There are a total of 4 events that can occur:

∅	–	The event where nothing happens
{H}	–	The event where the coin lands heads
{T}	–	The event where the coin lands tails
{H, T}	–	The event where the coin lands heads or tails

Notice that the above 4 events, when combined into a set, is simply the power set of the sample space.

We can define a function, which we’ll denote p.

p(∅) = 0	If you flip a coin, it will land on a side, so this event can’t possibly occur.
p( {H} ) = 1/2	We expect that, half of the time, the coin will land heads.
p( {T} ) = 1/2	We expect that, half of the time, the coin will land tails.
p( {H, T} ) = 1	The coin will land on one if its sides, so this event captures all possible outcomes.

What about the possibility of landing heads and tails?

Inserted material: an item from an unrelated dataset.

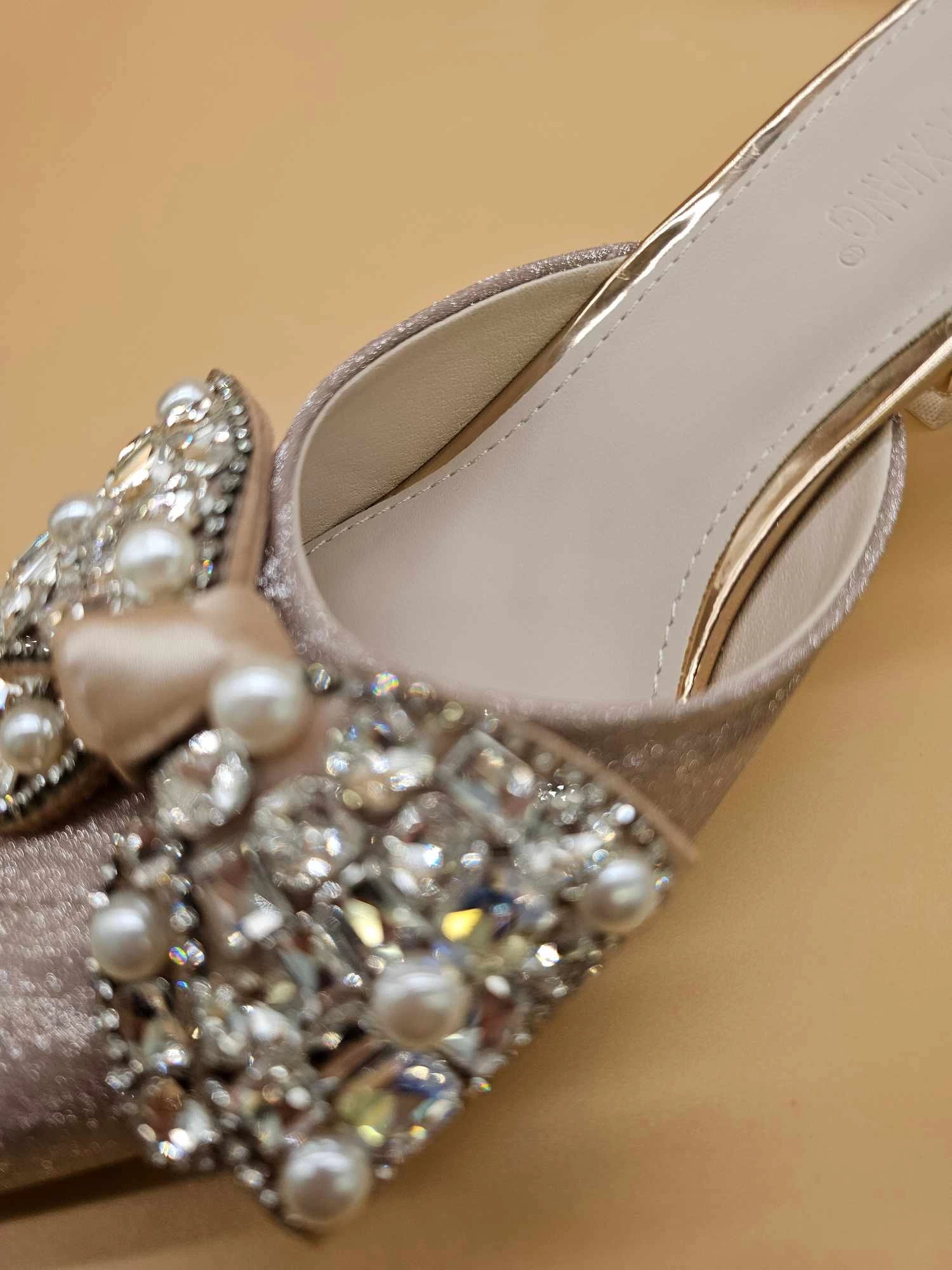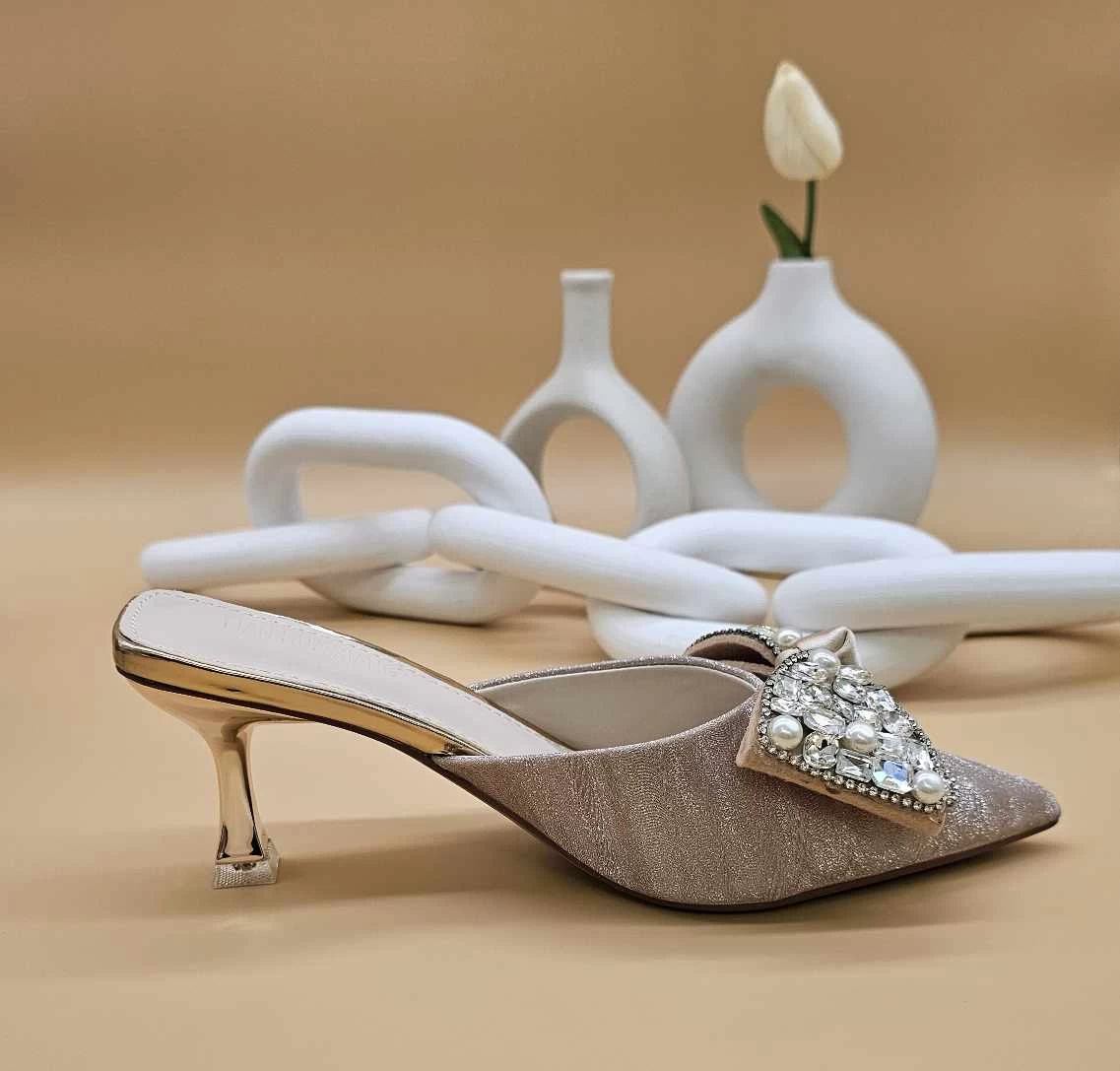 حذاء نسائي بكعب عالي مزين بالؤلؤ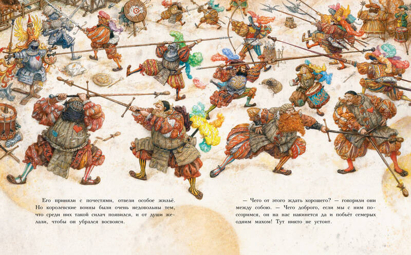 Этот удалец легко расправляется со злобными великанами, укрощает свирепого единорога и загоняет в ловушку огромного вепря. А если попросите, он сошьёт вам брюки и жилет, да такие, что прямо загляденье. У храбреца на поясе вышит знаменитый девиз: "Одним махом семерых побивахом!" Конечно, вы уже узнали храброго портняжку из сказки братьев Гримм. Но старый знакомый найдёт, чем удивить и в этот раз - ведь таким вы его ещё не видели! Яркие, пышные костюмы, забавные и жутковатые физиономии, захватывающая игра и безудержное веселье - всё это вы увидите и почувствуете в новых иллюстрациях блестящего мастера книжной графики Антона Ломаева. Детям до 3-х лет.

In a single coin flip, this scenario is impossible, so it doesn’t make sense to define a probability for it. It only makes sense to define a probability on subsets of the sample space.

In the above example, we noted that any subset of the experiment’s sample space can be assigned a probability. However, any set that is not a subset of a sample space can’t meaningfully be assigned a probability. Additionally, in all scenarios, the probability assigned to each event was a real number. We call the real number assigned to each event by the function the probability of that event.

Probability Function, Probability

Consider an experiment with sample space S.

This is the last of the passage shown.